E cá estou, aqui de novo. Sem exatamente ter um motivo pra escrever, nada além dos motivos de sempre. A vida não muda, no fundo é tudo sempre a mesma coisa, então apenas fatos extraordinários alterariam alguma coisa. E como esses não andam acontecendo...
Ainda encontro problemas em escrever quando não to me sentindo mal. Não quero apelar pra Layla agora, não acho que seja necessário. Tá, que seja.
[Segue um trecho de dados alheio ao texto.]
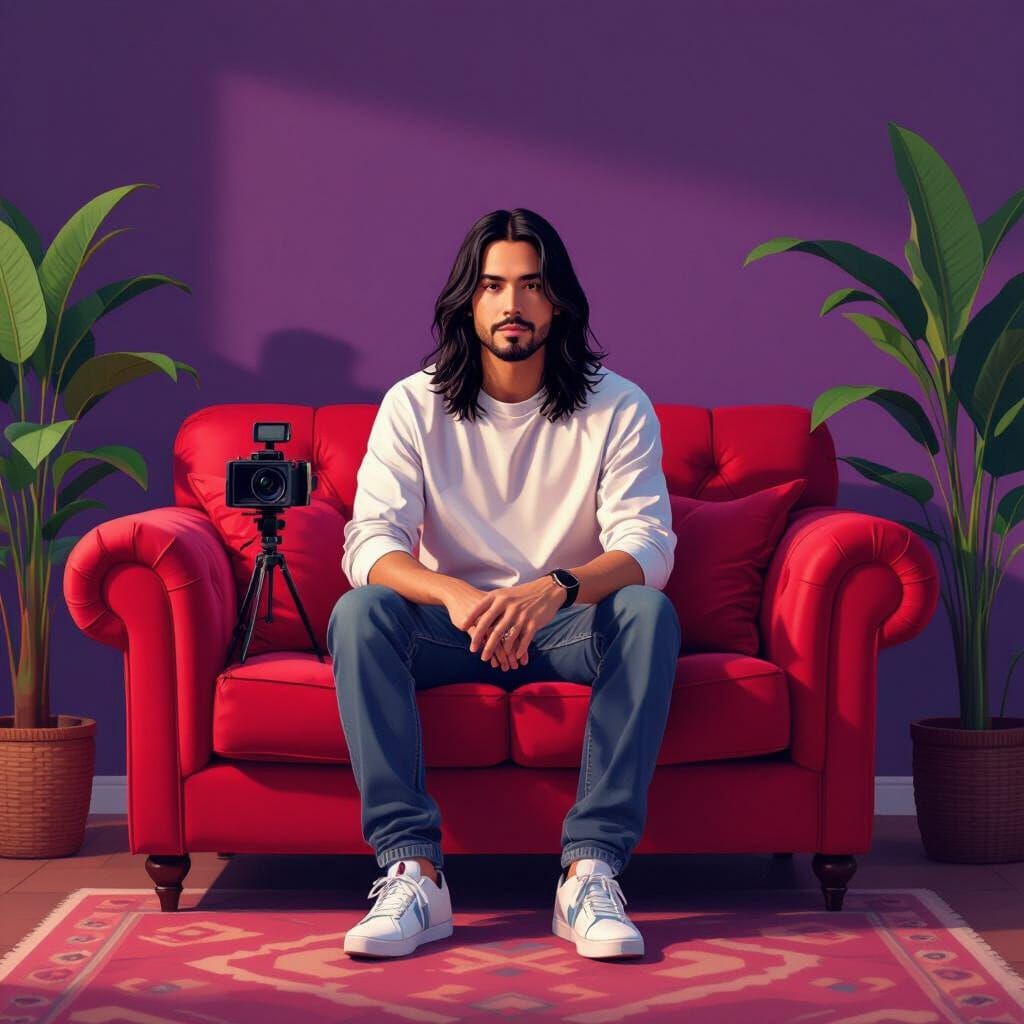 A hyperrealistic image of Mexican YouTuber Missa Sinfonia on a red sofa, with a webcam and plant. Cinematic lighting enhances the warm, dynamic violet background.

Sabe o Dia da Marmota? Não o filme, que é bem bom, mas a ideia da coisa? Aquele dia que se repete pra sempre até que tu consiga mudar alguma coisa que deva ser mudada pra poder avançar e seguir vivendo a vida? Pois é, minha vida vem sendo uma Vida de Marmota. Entrei na rotina, nada de diferente acontece. Acordo, vou pra aula, vou pro trabalho, volto pra casa. Durmo, acordo, vou pra aula, vou pro trabalho e volto pra casa. De vez em quando saio pra alguma festa, que é exatamente como a festa da semana anterior foi e vai ser absolutamente igual à festa da semana seguinte. É como se fosse um eterno dia que dura uma semana e se repete, e pra um hiperativo (ou até mesmo pra uma pessoa normal) isso é uma merda. Preciso de mudanças, preciso de novidades pra me manter entretido seja lá com o que for. Procuro pensar que isso talvez tenha sido o motivo pelo qual eu tenha terminado o namoro e não consiga manter nenhum relacionamento por mais tempo (embora eu tenha plena certeza de que não seja essa a razão). Nem é pela questão de não conseguir ser fiel, não conseguir ser adepto da monogamia. Não é esse o meu problema, já que uma vez que tu é traído e sente a dor que isso causa, tu promete a si mesmo nunca trair ninguém.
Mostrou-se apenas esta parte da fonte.